I still remember the look on my sister-in-law’s face when she made her latest and boldest statement.

“Oh they’ll hire you,” she said confidently of a local bus transit company. “They’re always hiring.”

She told this to my husband who has a job with a very, very modest salary. Of course it means we’re unable to pay our rent or bills with what he earns. And I have been searching for work since earlier this year.

In an effort to spare us from homelessness he has been applying to become a bus driver. He even attended a Coach Operator Bridge program through Omnitrans in the Inland Empire just to improve his odds.

If you read one of my last blog entries, you know what my difficulties have been in finding work. The list of he has applied for is double that.

So imagine our relief when she, herself a bus driver, gave us such an assurance. It gave us hope that we might find something that will help us survive. We might be able to support our son. My husband searched their site and applied within a day or so.

On Saturday, my hope again turned to tears. The transit company’s email response read in part:

“At this time, we have decided to concentrate our attention on other candidates who we believe best meet the current needs of our organization.  Please be assured that your application was given full consideration.”

I have read these words literally dozens of times. He and I have been graciously thanked for taking the time to apply. He and I have also repeatedly been assured that our application was given full consideration.

In one case, our notices came within days of one another and came fresh off the copier on the same letterhead, on the same sturdy paper and with the same signature in the same perfectly positioned spot.

In some way, I find it odd that I am devastated over another typical rejection.
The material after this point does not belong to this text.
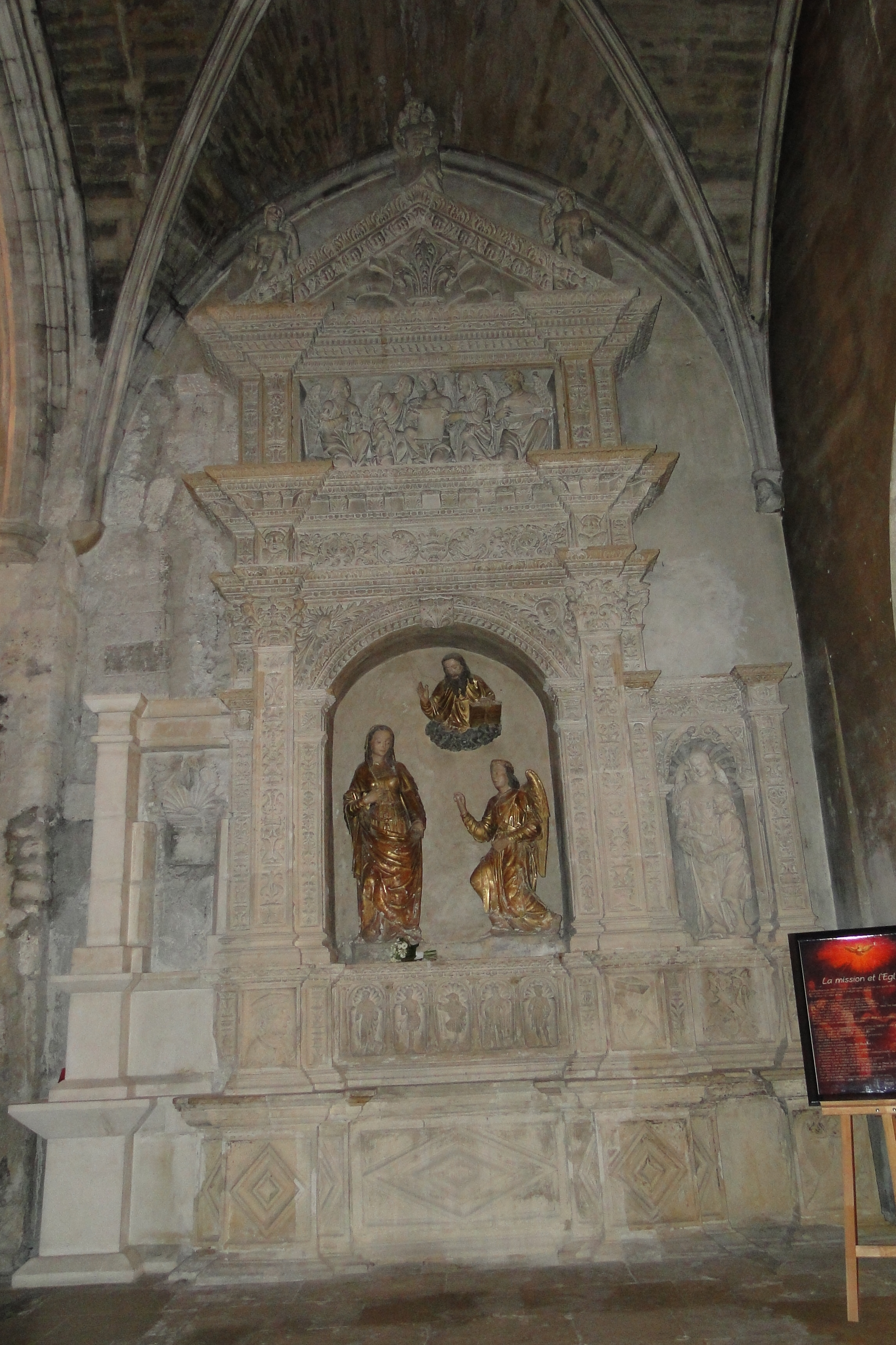 Church of St. Agricole in Avignon (France) - Dossale Doni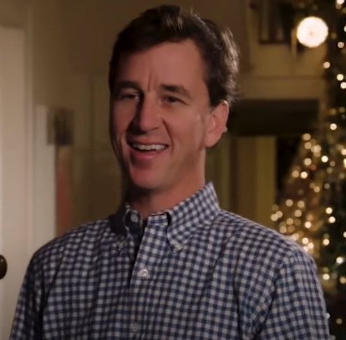 In 2018

The small voice in my head tells me to put that away and keep moving forward. But there is another part of me that can’t help but drop to my knees.

Friends and family are mystified as to why we cannot get jobs. I can't explain it myself.

I find myself asking what I have done to earn the scorn of so many. Why have I been shunned so badly, so completely? I have never ever in my life been so pushed out. As a Catholic, I’ve begged God to tell me what sin I have committed. And I’ve found myself begging him not to punish my son or husband for my sins.

I sent a letter to Pope Francis begging his prayers and forgiveness for whatever I have done. It’s true.

What I need now is to never mind that I am a smart and experienced employee with a good amount of print and online communication experience. Never mind that I am loyal and serious.

The truth is I will do just about anything to save my family. Hire me because you know you will be able to use and abuse me and I will sit still. Kick me. Slap me, fine. Just employ me.

I have more jobs leads of course. And I will try them all. I promise that each and every time it will be with all my heart and the same optimism. But I need a miracle now.